Tour de Blog stops at Read Her Like an Open Book

A few days ago, author and blogger extraordinaire Caroline Leavitt invited me to participate in the My Writing Process Blog Tour (having been named by fellow author Bill Roorbach).

Caroline is the author of several novels, including the New York Times bestsellers, Is This Tomorrow (2013) and Pictures of You (2011), which was a Costco “Pennie’s Pick.” If you haven’t read any of her books yet, you should remedy that as soon as possible. Here’s my review of Is This Tomorrow, from July 28, 2013. Leavitt also recently published a mini-ebook with SheBooks, The Wrong Sister, featuring the title story and “The Last Vacation.”

Leavitt is also a writing teacher,  editor, manuscript consultant, book critic, screenwriter, and mother to a talented young acting student. On top of all that, she has been a good friend and major supporter of this blog.

You can enjoy Leavitt’s distinctive wit and wisdom (mixed with a dollop of Hoboken, New Jersey neurosis) on her blog, CarolineLeavittville at http://carolineleavittville.blogspot.com/.

1. What are you working on? 

I am always reading at least two novels, and I write reviews for my blog once or twice a week. And I’m usually working on lesson plans and/or grading for my high school English classes. My other hobby is portrait photography; at the moment I am taking some senior portraits and working on a few other projects.

2. How does your work differ from others of its genre?

My blog is unique (to my knowledge), as it is the only one dedicated to literary fiction by women that is written by a man (I know of at least one such blog published by a woman). My purpose is to demonstrate that men can read and enjoy novels and stories by women, that they are not all romance or mystery or other “genre” novels.

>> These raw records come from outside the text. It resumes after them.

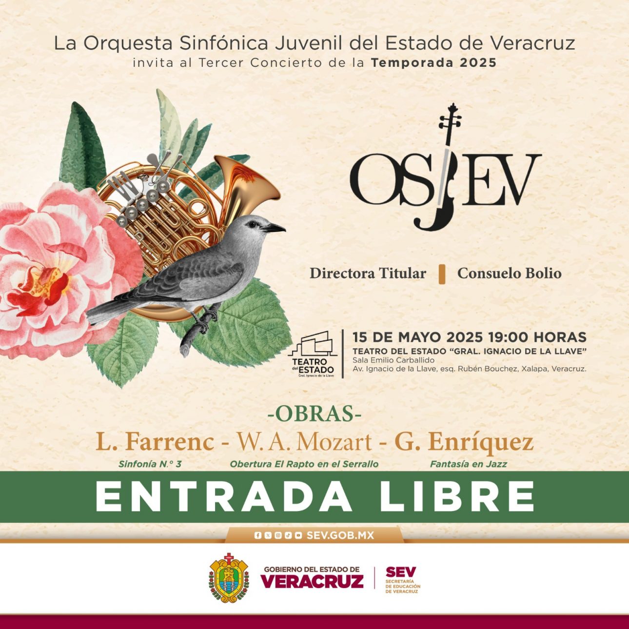 La Secretaría de Educación de Veracruz (SEV), en colaboración con la Secretaría de Cultura (SECVER), invita al Tercer Concierto Temporada 2025 de la Orquesta Sinfónica Juvenil del Estado de Veracruz (OSJEV), que se realizará este jueves 15 de mayo, a las 19:00 horas, en la sala Emilio Carballido del Teatro del Estado. Bajo la dirección
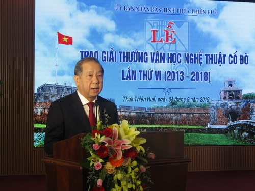 Sáng ngày 4/9, tại TP Huế, Ủy bạn nhân dân tỉnh Thừa Thiên Huế phối hợp với Liên hiệp các Hội Văn hoc nghệ thuật tỉnh Thừa Thiên Huế tổ chức Lễ trao tặng Giải thưởng Văn học Nghệ thuật Cố đô lần thứ VI.
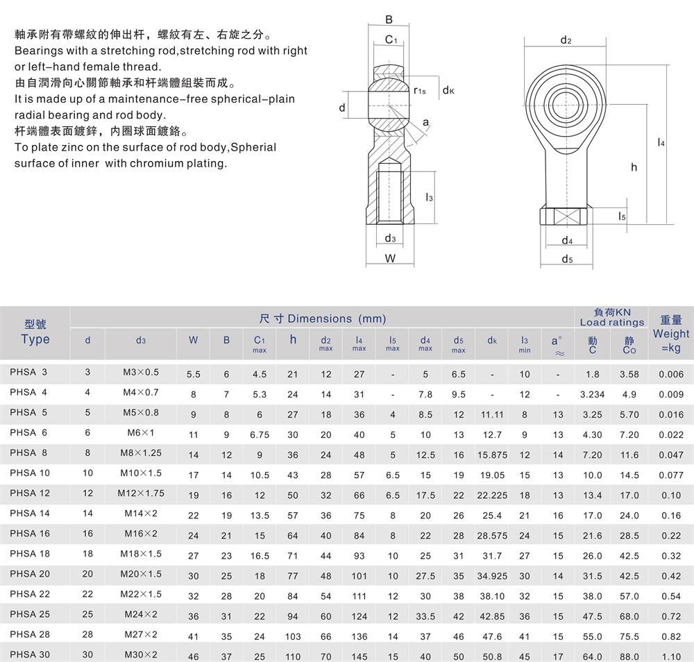 產(chǎn)品名稱:PHSA內(nèi)螺紋自潤滑桿端關節(jié)軸承
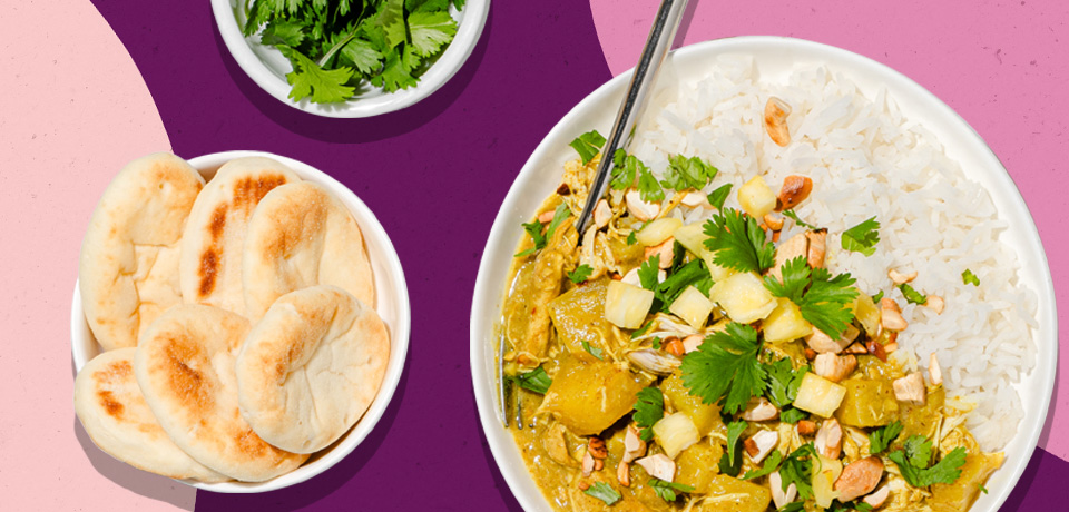 - Serve with cooked rice. Garnish with fresh pineapple, cilantro and cashews.
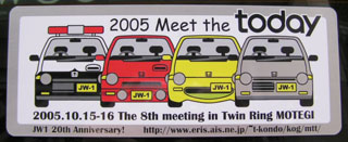 MTT8ステッカー今年はJW1誕生20周年ということで、デザインキャラクターをすべてJW1としました。オリジナルキャラクターに加えて、個性のある仕様をキャラクターとして加えました。(画像はクルマに貼った実際の写真です) ![]() デザイン:t-kondo | |
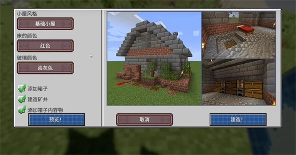 2、游戏开局时,我们可以利用初始物资里的小屋直接搭建庇护所,这里有多种不同类型的小屋可供挑选;选定类型后点击建造,还能借助预览功能来确定合适的建造位置。
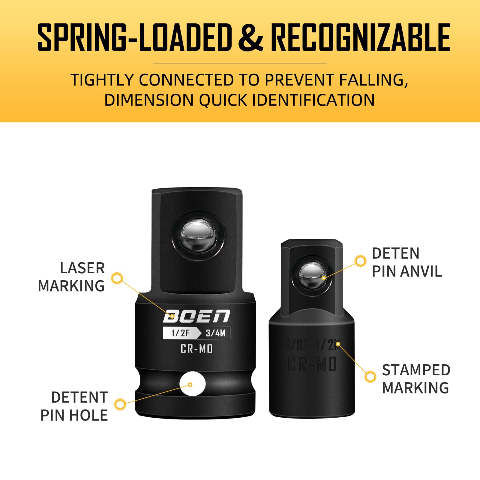 - 【SUPERIOR CR-MO STEEL】 Constructed with heat-treated forged chrome molybdenum steel material, BOEN impact adapter set features high hardness and durability, and can withstand the test of different jobs.
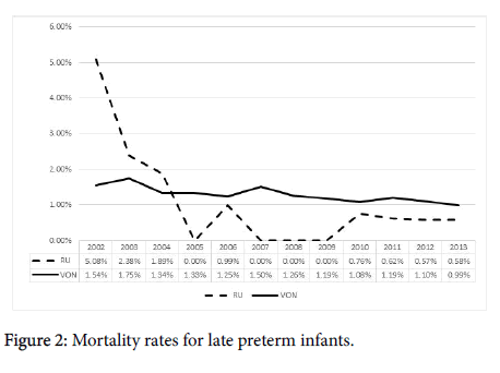Figure 2 shows the mortality rates for late preterm infants in the study period, with a significant reduction from 2005. Average mortality rate from 2005 to 2013 was 0.39% and 1.21% for the RU and the VON respectively. There was a statistically significant difference between these data groups (p<0.05).
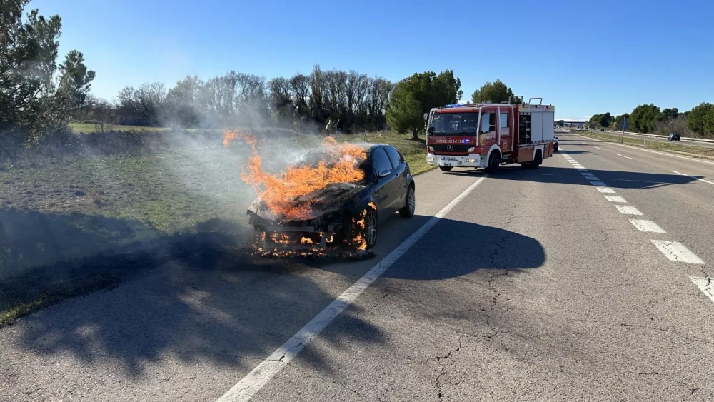 Un vehículo ha comenzado a arder mientras circulaba este sábado por la A-23, sin que se hayan producido heridos.
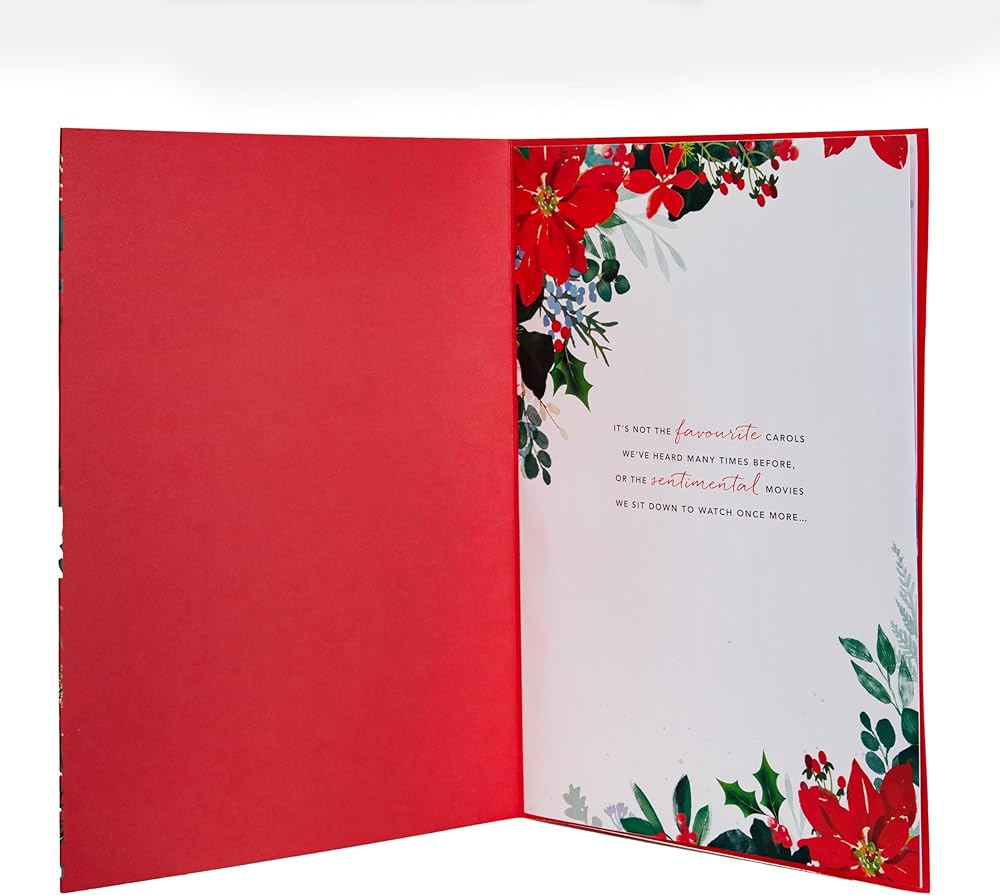 Let your amazing wife know that she's at the very heart of all your Christmas celebrations, with this gorgeous festive foliage themed Luxury Boxed Christmas Card from Hallmark .This card features a die-cut design, a 4-page paper insert, heartfelt seasonal message, embossed elements, gold foil details, and gold-foiled paper 'gem' stars. Message Inside Reads: It’s not the favourite carols we’ve heard many times before, or the sentimental movies we sit down to watch once more...It’s not surprises that we plan or presents that we buy, it’s not the frosty weather or the snowflakes in the sky...It’s just spending time together, no matter what we do, since what makes Christmas special is sharing it with you. All my love. H30.5cm by W21.9cm, Within UK 'Large Letter' Postage Size Limits, and Comes Complete with Co-ordinating Red Presentation Box
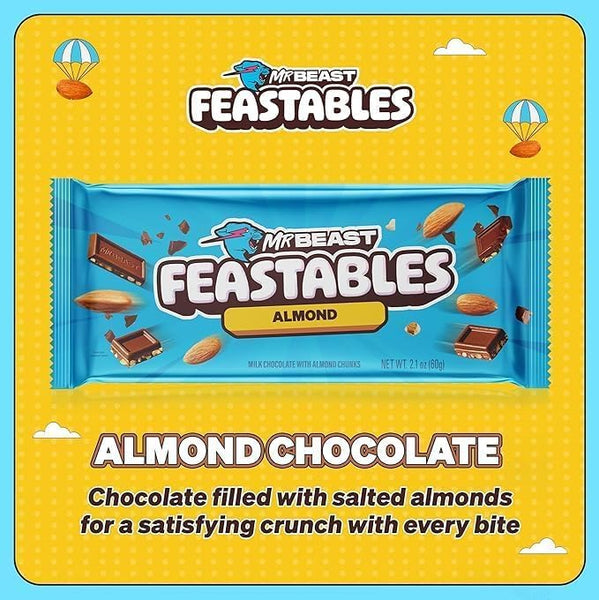 Details: Mr. Beast Almond brings together the best of both worlds – creamy milk chocolate and crunchy, roasted almonds. Each bite is packed with flavor and texture, offering the perfect balance of smooth sweetness and nutty crunch. This bar is for those who love a little extra crunch in their chocolate!

I reviewed several novels and story collections about the wars in the Middle East written by women partly to drive home that point. (See my reviews of Flashes of War by Katey Schultz, Sand Queen by Helen Benedict, Be Safe I Love You by Cara Hoffman, Stop Here by Beverly Gologorsky, and You Can Tell When the Men Are Gone by Siobhan Fallon.)

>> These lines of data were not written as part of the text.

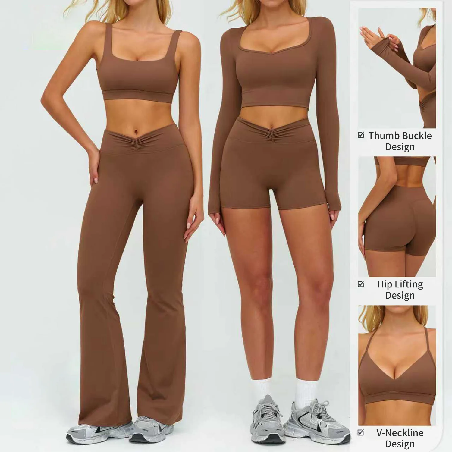 YISHENHON Women's Fitness Activewear Set 5pcs Seamless Yoga Leggings & Bras with Long Sleeve Gym Tops Solid Pattern Sport Outfit
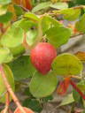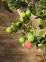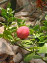 解説:(1)(2)冬の間緑色だった果実はここに来て赤く色付いてきた。花付き、着果が良く一本でも結構収穫出来る。
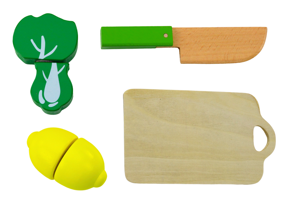 Zestaw zawiera także bezpieczny, drewniany nóż, który jest specjalnie zaprojektowany tak, aby był bezpieczny dla małych dzieci. Do zestawu dołączona jest również drewniana deska do krojenia, która dodaje realizmu i umożliwia dzieciom naśladowanie dorosłych podczas przygotowywania posiłków.
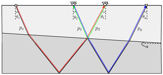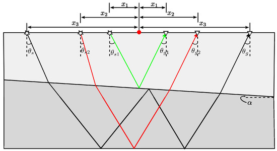 Before implementing internal multiple prediction using the 1.5D algorithm with dipping strata, it is necessary to investigate the inclination dependency of the 1.5D algorithm and to discuss the performance differences using different input types. To do this, while ensuring the simplicity of calculation, we create a two-interface model, where the shallower reflector is slant with a dipping angle (here, if the depth of the interface increases from left to right and vice versa), while the deeper one is flat. In addition, we numerically simulate all ray-paths of primaries and the first-order internal multiples on a two-interface model, as shown in Figure 2 or Figure 3.

3. Why do you write what you do?

In the summer of 2013 I began to come across essays on gender bias in the publishing world. This bias was present in what books are published, the cover design and marketing of books by women, which books are reviewed by major publications, and which reviewers are selected to write about those books, as well as the fact that men virtually never read books by women (although women will read books by men).

I realized that 25-50% of the novels I read were by women and that it had never occurred to me that I “shouldn’t” read books by women or that doing so was unusual. I investigated and concluded that a blog in which a man read and wrote exclusively about fiction by women did not exist. My intention was to fill that void and make a small contribution toward balancing this gender bias.

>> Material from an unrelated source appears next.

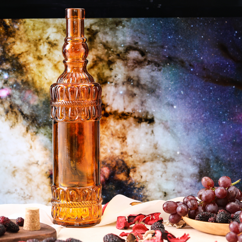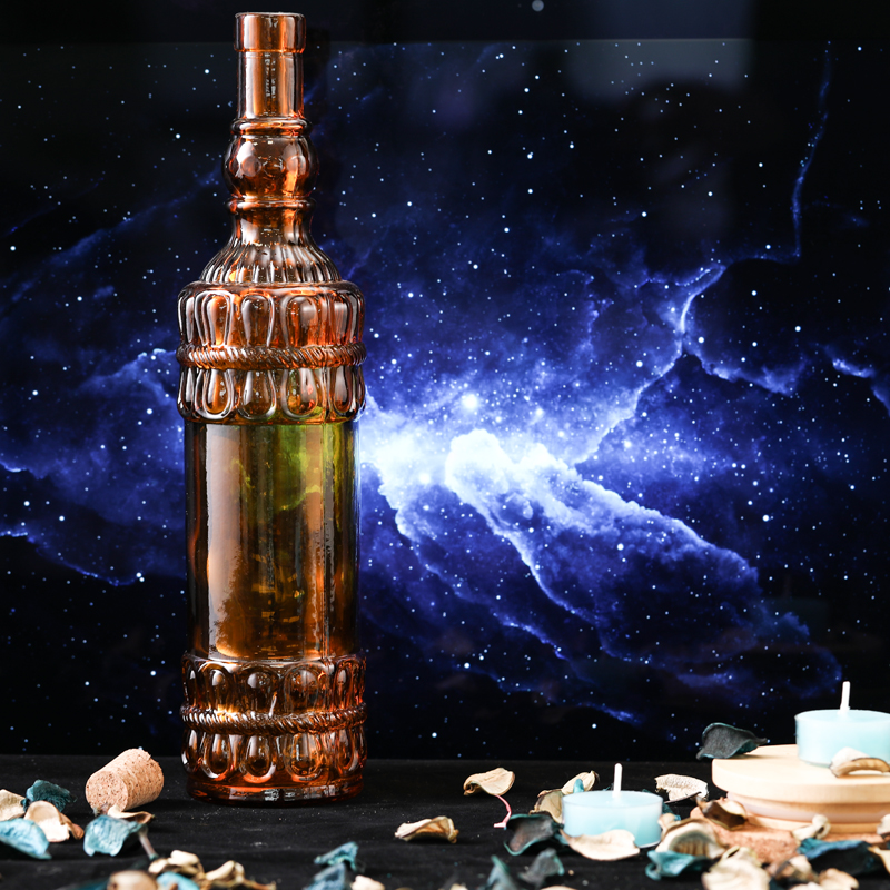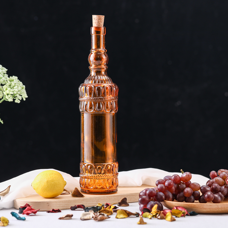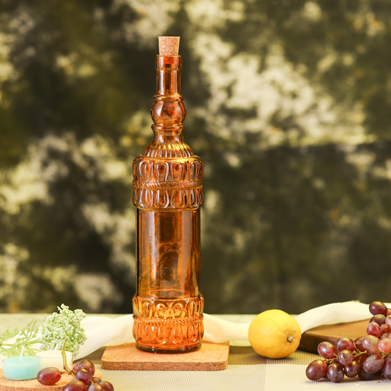 软木塞玻璃液体调味瓶 圆花边 棕色 700ml
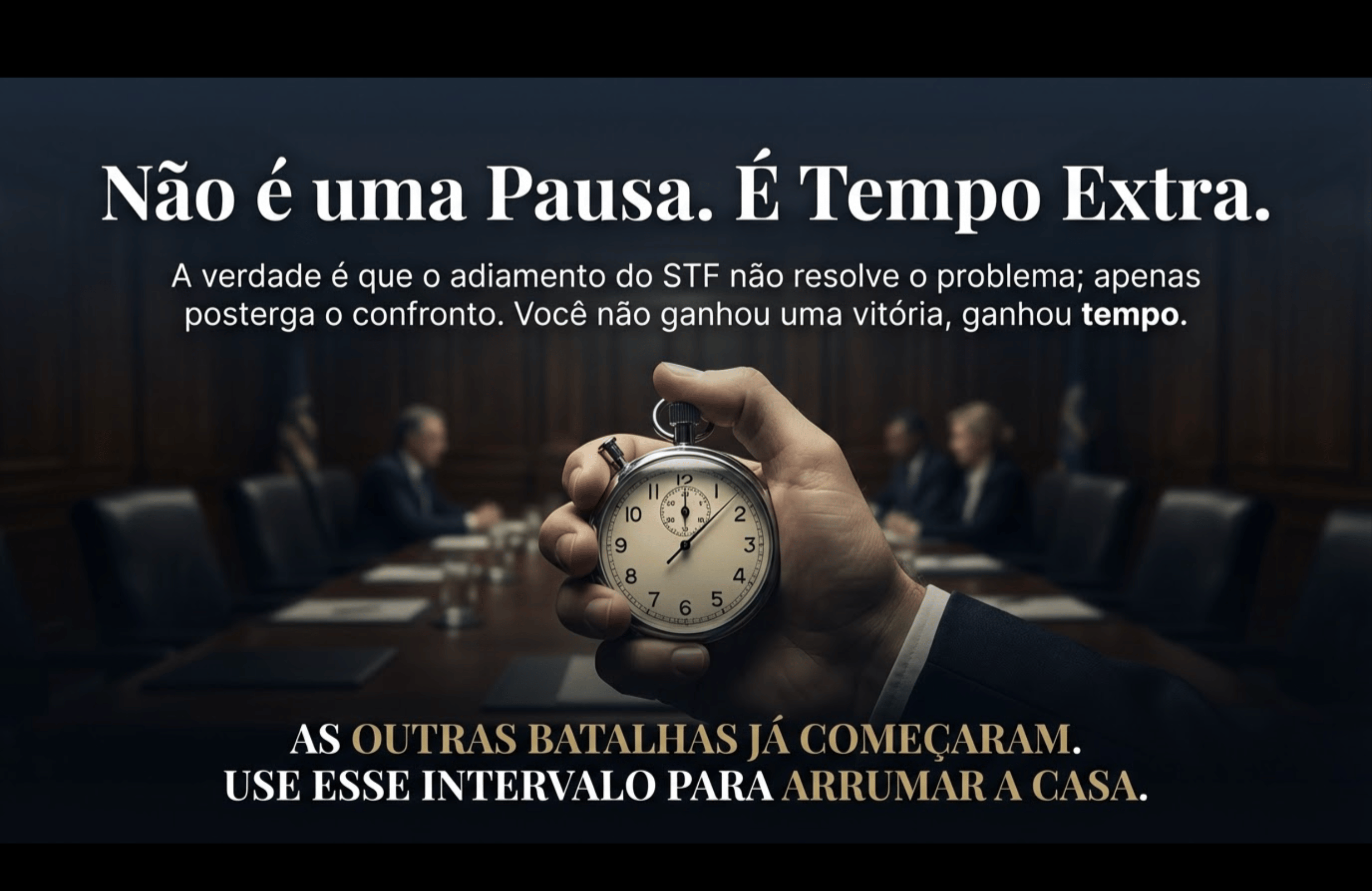 A verdade é que o adiamento do STF não é uma pausa. É um tempo extra que você ganhou para arrumar a casa. Porque as outras batalhas já começaram.

Since June 2013, I have read books by women almost exclusively. (I have read perhaps five books by men in that time.) I doubt that there are many men out there who have read more fiction by women in the last 15 months.

4. How does your writing process work?

As I read, I use Post-It flags and take notes. After I finish a book, I let it percolate for a few days to see how it speaks to me and what is worth discussing in a review. I write a relatively fast first draft and then revise it from one to three times in an attempt to ensure that it reflects my thoughts and feelings and is well-written. Then I cast my fate to the wind and hit “publish.”

For the next stop on the blog tour, I nominate Beth Kephart, another thought-provoking writer of novels and nonfiction, as well as a blogger with a unique and impassioned voice. Her blog, Beth Kephart Books, features essays on the personal and the political, as well as the literary. She is the author of the YA novel Going Over (2014), which was the Gold Medal Winner in Historical Fiction at the Parents’ Choice Awards, an ABA Best Books for Children & Teens, and a YALSA BFYA selection, among many other honors. She is also the author of Handling the Truth: On the Writing of Memoir (2013), which was named a Best Book for Writers by Poets & Writers. Most recently, she published a short memoir, Nest. Flight. Sky. On love and loss, one wing at a time (available from SheBooks). I recommend her blog to you enthusiastically.